## WHAT IS EXPECTED
Pictures are to be left out; every line from the one that holds "Short Sleeve Tribal Print Keyhole Neck Dress" to the end of the data is to be retyped exactly.

---------- MATERIAL PROVIDED ----------

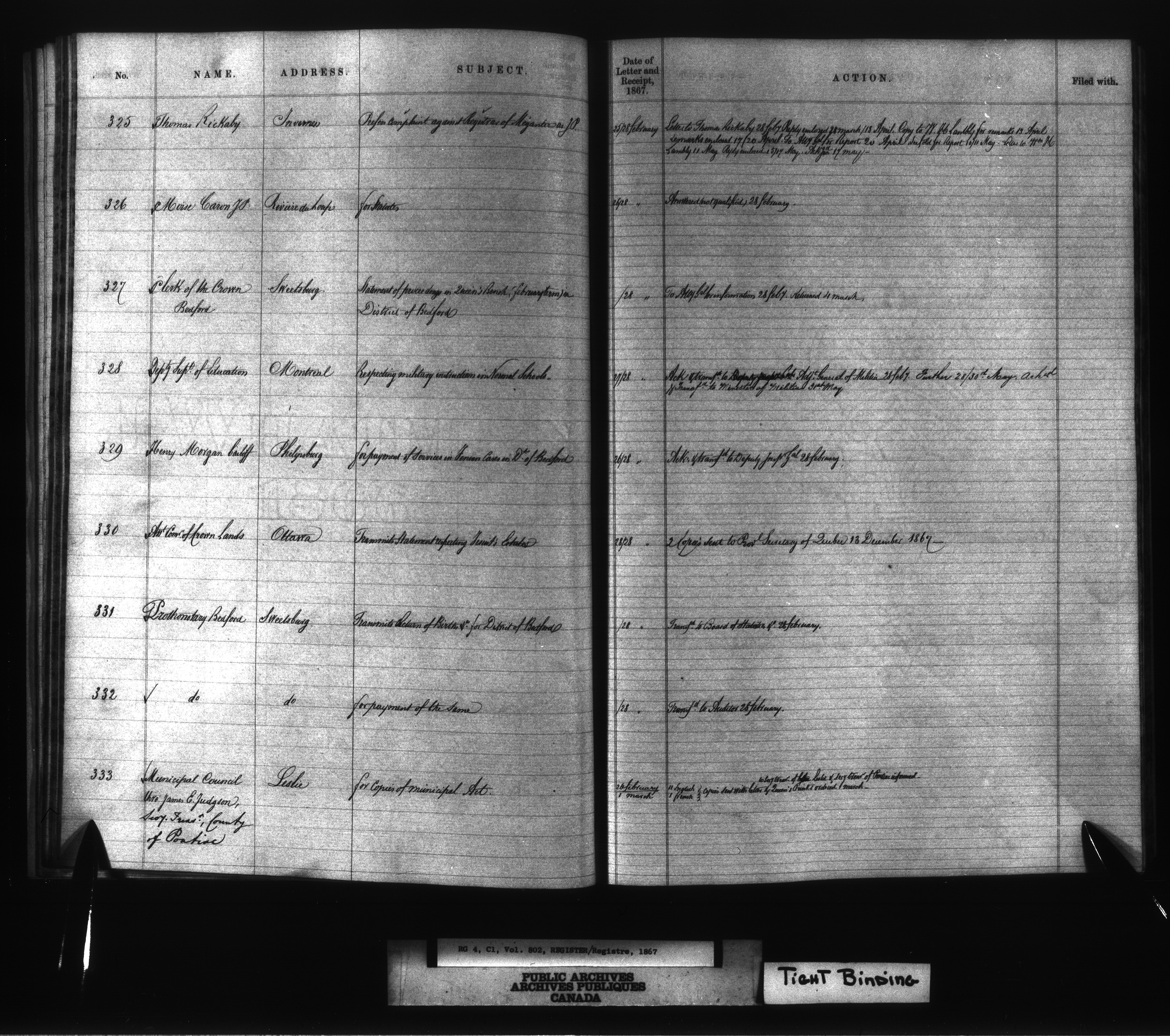Provincial Secretary numbered correspondence files, Canada East : Registers and Indexes, 1839-1867 - 7752
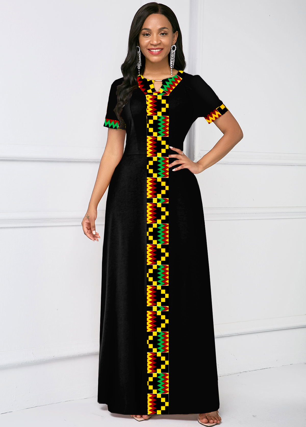 Short Sleeve Tribal Print Keyhole Neck Dress
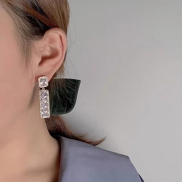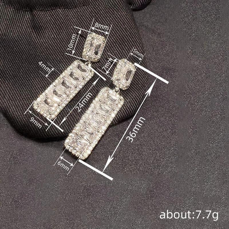 Brincos geométricos brilhantes de celebridades de alta qualidade para mulheres, brincos longos e quadrados de zircónia brilhante, roupas leves e luxuosas a condizer
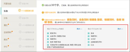 比如這個寶貝當中,我們大家看一下最近1天的進店關(guān)鍵詞排序,發(fā)現(xiàn)“金魚飼料”和“錦鯉飼料”這兩個詞出現(xiàn)的頻率很高,那意味著什么?意味著這是好詞啊,所以你如果想通過直通車計劃拉權(quán)重的話,就要把精力集中在這兩個屬性詞上,而不是其他的,如果你做一個廣泛匹配,或者主要精力在其他詞上,你會發(fā)現(xiàn)這種拉動效果就要差很多,很多時候甚至是反作用。

----------

## FINISHED TASK
 Short Sleeve Tribal Print Keyhole Neck Dress
 Brincos geométricos brilhantes de celebridades de alta qualidade para mulheres, brincos longos e quadrados de zircónia brilhante, roupas leves e luxuosas a condizer
 比如這個寶貝當中,我們大家看一下最近1天的進店關(guān)鍵詞排序,發(fā)現(xiàn)“金魚飼料”和“錦鯉飼料”這兩個詞出現(xiàn)的頻率很高,那意味著什么?意味著這是好詞啊,所以你如果想通過直通車計劃拉權(quán)重的話,就要把精力集中在這兩個屬性詞上,而不是其他的,如果你做一個廣泛匹配,或者主要精力在其他詞上,你會發(fā)現(xiàn)這種拉動效果就要差很多,很多時候甚至是反作用。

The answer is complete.